Geologically, the Little Thuringian Forest is a horst that consists of a band-like island of paleozoic materials similar to those in the bedrock of the Thuringian Forest that surfaces in the southwestern foothills of the latter mountains. Like the latter, it is part of the Variscan mountains, but the stratigraphic throws are lower and have occurred on a smaller scale. It is tectonically isolated from the Thuringian Forest and the Thuringian Highlands, and is situated outside their border fault. Its highest summit is Schneeberg near Bischofrod at 692 m a.s.l., rising from a Buntsandstein layer. While geologically a separate mountain range, it does not appear as such to the casual observer, but as a hilly area with an average height of 460 m a.s.l. embedded between eroded deposits of the Triassic period. Towards the southwest it is limited by a marked border fault. Even the Muschelkalk hills beyond the latter are 30 m to 50 m higher. Several valleys of the foothills of the Thuringian Forest transect the area, showing evidence of a weak folding process. The Little Thuringian Forest is surrounded by Zechstein formations everywhere except along its border fault west of Gethles and Bischofrod. Its northern border is Gruber Berg with an outcrop of Zechstein rock.

== Economy ==

The area is characterised by farmed fields, since the condition of the soils allows for agricultural productivity, in contrast to the forested Buntsandstein heights. The settlements in the region are thus traditionally farmers' villages. In particular, the Zechstein subsoil around Gethles, Ahlstädt, and Eichenberg yields a good, albeit heavy farming soil. Also, the stratified dolomitic rocks (Plattendolomit) underlie a good farming soil, as does the finely grained lower Buntsandstein with interspersed clay layers. Less suited for cultivation are the upper Buntsandstein soils, and the areas with nutrient-poor porphyric and granitic subsoils are the least cultivable ones.

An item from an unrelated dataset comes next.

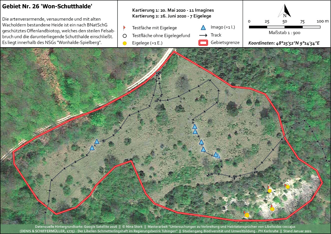 Gegen Ende der Flugzeit wurden Gebiete mit Nachweisen von Imagines zwischen dem 08.06. und dem 26.06.2020 zur Erfassung von Eigelegen erneut begangen. Eine wiederholte Kartierung der Gebiete ohne Imaginalnachweis konnte aus Zeitgründen nicht geleistet werden. Bei der Kartierung der Eigelege stand keine vollständige Erfassung des jeweiligen Kartiergebiets im Vordergrund, sondern eine qualitative Analyse bevorzugter Eiablagestellen. Hierfür wurden auf Literaturbasis (etwa Wolf 2004) Mikrohabitatparameter definiert, die in 1 × 1 m² großen Testflächen erhoben wurden (Tab. 1).

Iron ore, baryte, and fluorite were mined on Kuhberg hill near Gethles, on Steinberg near Ahlstädt, and between Bischofrod and Eichenberg. Mining, however, was not profitable in the long run due to difficult drainage. The conformation of large deposits of baryte of high quality in the late 1950s did not lead to a revival of mining activities.

== Tourism ==

There is no protected landscape in the Little Thuringian Forest. An application in the early 1990s was never implemented. Maps and publications implying the contrary do not refer to the geological rock complex described above, but the wooded ridges that rise to the north and northwest of it, including peaks such as the Donnersberg, Schleusinger Berg, Schneeberg, Kesselberg, Galgenberg, Eichenberg, Ehrenberg etc. that are part of the Buntsandstein formation. Hikers following these maps, for example, from Bischofrod or Eichenberg across Schneeberg to the northwest will actually leave the Little Thuringian Forest, as defined in the geological sense.

== Maps ==

- Geologische Spezialkarte. Königlich Preußischen Geologische Landesanstalt. Scale 1:25000. Sheets Schleusingen (1898), Themar (1892), Hildburghausen (1892)
- Maximilian Tornow (1907): Der Kleine Thüringer Wald. Scale 1:25000
- "Geologische Übersichtskarte 1 : 200 000, Blatt CC 5526 Erfurt" (1998) Shows the area as a band of Zechstein rocks.